— WORK REQUEST —
Each line of the data below between the one containing "picole sabor coco" and the one containing "A Jaqueta Cardigan", both included, is to be repeated exactly. Please omit pictures.

— INFORMATION GIVEN —
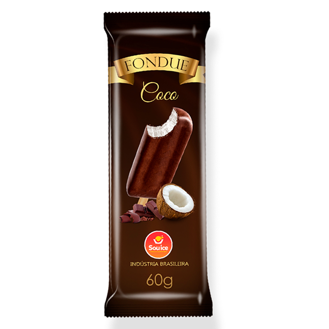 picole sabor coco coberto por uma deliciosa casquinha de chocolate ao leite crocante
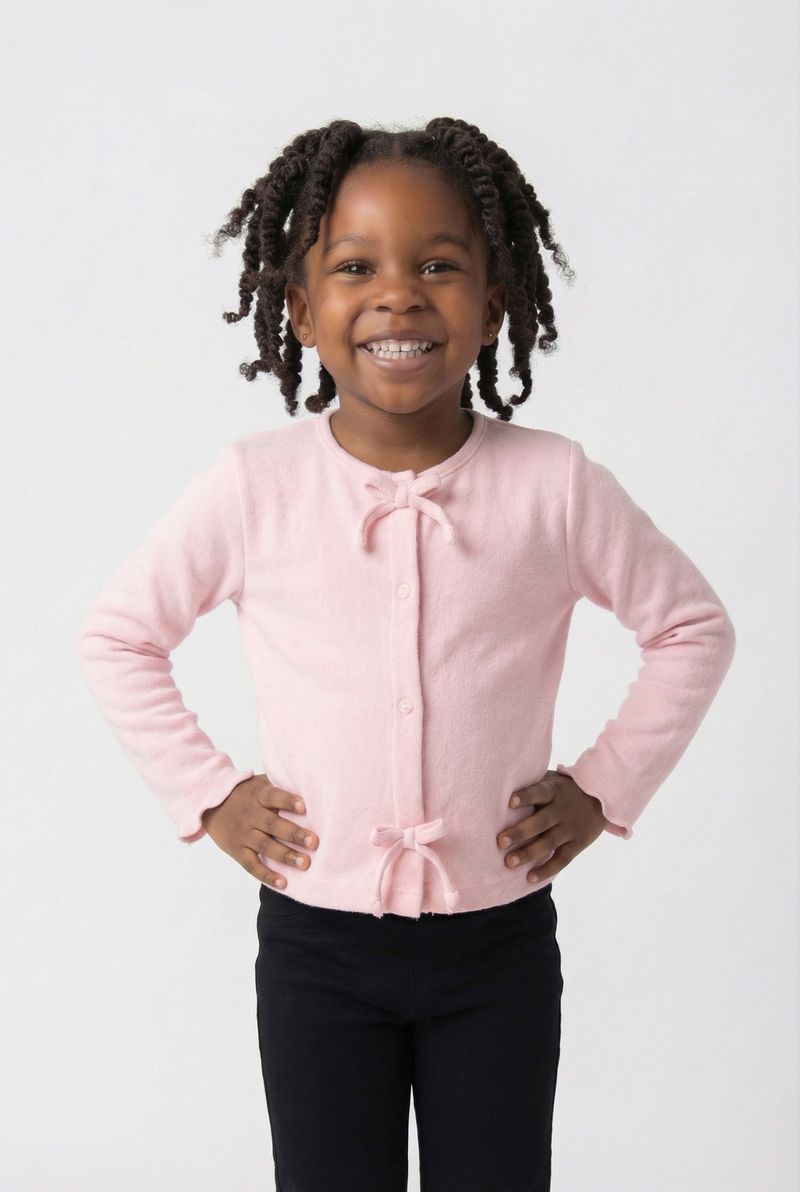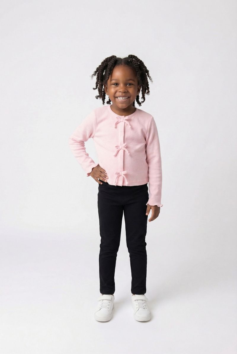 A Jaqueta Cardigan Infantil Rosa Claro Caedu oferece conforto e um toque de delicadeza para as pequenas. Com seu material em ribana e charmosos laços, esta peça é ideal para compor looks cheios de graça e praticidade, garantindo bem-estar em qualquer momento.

...

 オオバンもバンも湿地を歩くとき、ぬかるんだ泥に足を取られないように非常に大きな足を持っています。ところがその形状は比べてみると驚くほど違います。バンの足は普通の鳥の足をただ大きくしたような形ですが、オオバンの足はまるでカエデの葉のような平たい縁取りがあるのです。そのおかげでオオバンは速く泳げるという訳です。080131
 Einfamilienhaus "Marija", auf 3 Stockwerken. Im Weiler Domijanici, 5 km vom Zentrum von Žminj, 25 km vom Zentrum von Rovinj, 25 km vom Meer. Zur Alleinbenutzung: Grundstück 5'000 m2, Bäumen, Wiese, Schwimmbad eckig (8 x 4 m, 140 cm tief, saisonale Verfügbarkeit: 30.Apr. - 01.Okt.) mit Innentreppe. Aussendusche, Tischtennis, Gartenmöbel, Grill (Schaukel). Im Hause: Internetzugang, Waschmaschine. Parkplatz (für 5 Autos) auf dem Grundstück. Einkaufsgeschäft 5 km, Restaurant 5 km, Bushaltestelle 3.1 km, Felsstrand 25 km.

==

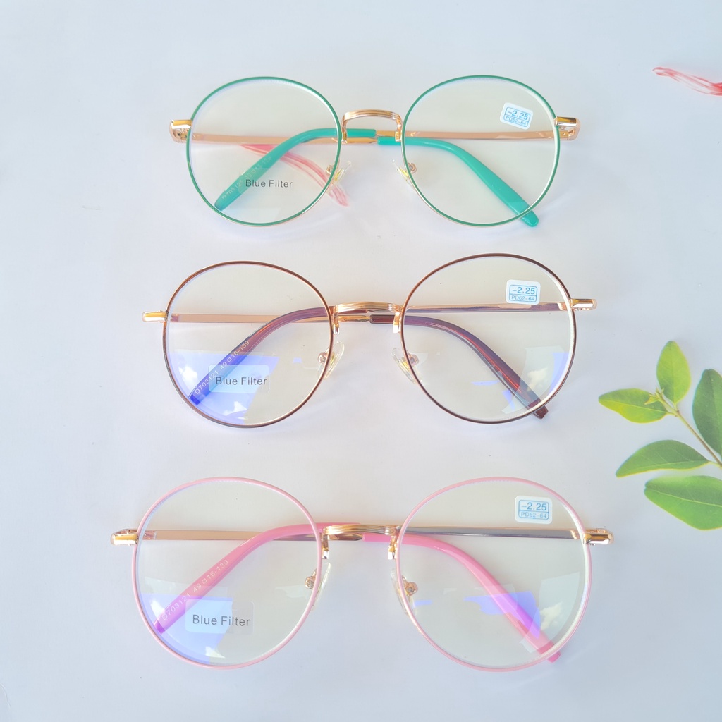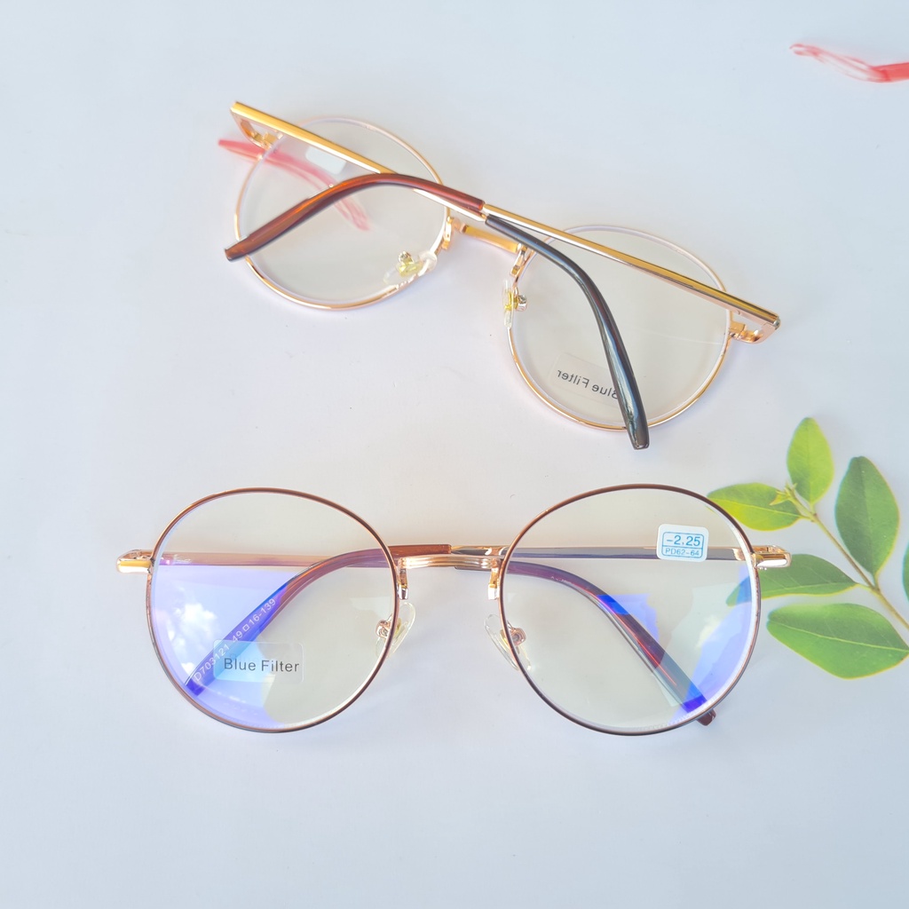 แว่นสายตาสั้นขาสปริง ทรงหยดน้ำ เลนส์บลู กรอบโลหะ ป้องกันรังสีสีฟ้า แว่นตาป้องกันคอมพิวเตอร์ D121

— ANSWER SPACE —
 picole sabor coco coberto por uma deliciosa casquinha de chocolate ao leite crocante
 A Jaqueta Cardigan Infantil Rosa Claro Caedu oferece conforto e um toque de delicadeza para as pequenas. Com seu material em ribana e charmosos laços, esta peça é ideal para compor looks cheios de graça e praticidade, garantindo bem-estar em qualquer momento.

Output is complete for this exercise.